INPUT FOR THIS TASK:

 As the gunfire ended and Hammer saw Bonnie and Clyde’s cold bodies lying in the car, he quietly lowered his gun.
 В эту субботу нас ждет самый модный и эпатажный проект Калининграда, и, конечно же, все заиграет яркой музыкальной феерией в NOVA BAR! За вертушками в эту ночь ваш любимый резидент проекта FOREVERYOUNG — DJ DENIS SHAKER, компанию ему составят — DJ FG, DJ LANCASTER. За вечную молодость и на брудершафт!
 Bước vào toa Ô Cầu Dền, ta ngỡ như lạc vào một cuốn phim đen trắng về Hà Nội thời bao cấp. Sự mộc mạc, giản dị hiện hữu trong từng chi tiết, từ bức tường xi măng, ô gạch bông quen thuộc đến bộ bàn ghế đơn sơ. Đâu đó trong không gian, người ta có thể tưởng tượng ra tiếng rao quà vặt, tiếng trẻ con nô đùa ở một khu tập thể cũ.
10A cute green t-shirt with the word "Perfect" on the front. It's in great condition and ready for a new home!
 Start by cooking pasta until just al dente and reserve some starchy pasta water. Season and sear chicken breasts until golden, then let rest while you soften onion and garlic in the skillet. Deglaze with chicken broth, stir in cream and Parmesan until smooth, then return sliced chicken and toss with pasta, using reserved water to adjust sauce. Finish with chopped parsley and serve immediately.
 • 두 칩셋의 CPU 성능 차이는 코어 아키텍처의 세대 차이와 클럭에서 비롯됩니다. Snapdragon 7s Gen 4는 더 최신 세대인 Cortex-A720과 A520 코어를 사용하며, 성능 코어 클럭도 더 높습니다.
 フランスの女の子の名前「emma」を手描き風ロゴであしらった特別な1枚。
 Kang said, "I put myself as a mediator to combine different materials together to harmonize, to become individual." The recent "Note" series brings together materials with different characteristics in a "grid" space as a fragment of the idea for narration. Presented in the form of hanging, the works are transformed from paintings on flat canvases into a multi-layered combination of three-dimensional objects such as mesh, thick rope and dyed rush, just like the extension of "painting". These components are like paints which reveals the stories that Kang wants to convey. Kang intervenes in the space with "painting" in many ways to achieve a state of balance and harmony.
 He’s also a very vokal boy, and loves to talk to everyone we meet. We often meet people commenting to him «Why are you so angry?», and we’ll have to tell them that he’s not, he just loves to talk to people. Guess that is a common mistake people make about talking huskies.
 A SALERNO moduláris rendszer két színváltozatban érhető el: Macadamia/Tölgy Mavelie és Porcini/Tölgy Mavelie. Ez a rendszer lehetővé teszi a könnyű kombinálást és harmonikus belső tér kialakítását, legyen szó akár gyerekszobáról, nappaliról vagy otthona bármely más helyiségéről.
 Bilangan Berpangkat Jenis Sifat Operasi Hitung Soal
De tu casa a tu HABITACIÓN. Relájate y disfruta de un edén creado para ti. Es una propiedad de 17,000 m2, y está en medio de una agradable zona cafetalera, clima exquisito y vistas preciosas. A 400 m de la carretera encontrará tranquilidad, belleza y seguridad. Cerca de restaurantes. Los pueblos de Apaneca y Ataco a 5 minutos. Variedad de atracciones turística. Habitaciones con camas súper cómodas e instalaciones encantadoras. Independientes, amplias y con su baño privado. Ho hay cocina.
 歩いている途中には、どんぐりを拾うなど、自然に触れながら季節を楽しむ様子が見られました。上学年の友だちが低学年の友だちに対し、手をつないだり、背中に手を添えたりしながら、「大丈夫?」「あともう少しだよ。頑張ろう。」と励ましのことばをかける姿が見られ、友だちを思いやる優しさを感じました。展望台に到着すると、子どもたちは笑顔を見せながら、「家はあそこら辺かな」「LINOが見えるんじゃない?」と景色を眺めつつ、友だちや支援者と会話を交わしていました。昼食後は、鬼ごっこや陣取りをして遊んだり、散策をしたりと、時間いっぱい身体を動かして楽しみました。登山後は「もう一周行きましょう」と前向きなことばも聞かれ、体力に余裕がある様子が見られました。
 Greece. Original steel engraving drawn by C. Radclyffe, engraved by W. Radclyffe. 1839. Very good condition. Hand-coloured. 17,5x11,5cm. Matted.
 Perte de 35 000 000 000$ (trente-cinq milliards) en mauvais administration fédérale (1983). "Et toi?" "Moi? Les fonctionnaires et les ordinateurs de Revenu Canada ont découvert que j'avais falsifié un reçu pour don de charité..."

EXERCISE DESCRIPTION: Repeat only what runs from the line holding "Greece. Original steel" to the end of the data, keeping every line exactly as written, first and last included.

WRITTEN RESPONSE:
 Greece. Original steel engraving drawn by C. Radclyffe, engraved by W. Radclyffe. 1839. Very good condition. Hand-coloured. 17,5x11,5cm. Matted.
 Perte de 35 000 000 000$ (trente-cinq milliards) en mauvais administration fédérale (1983). "Et toi?" "Moi? Les fonctionnaires et les ordinateurs de Revenu Canada ont découvert que j'avais falsifié un reçu pour don de charité..."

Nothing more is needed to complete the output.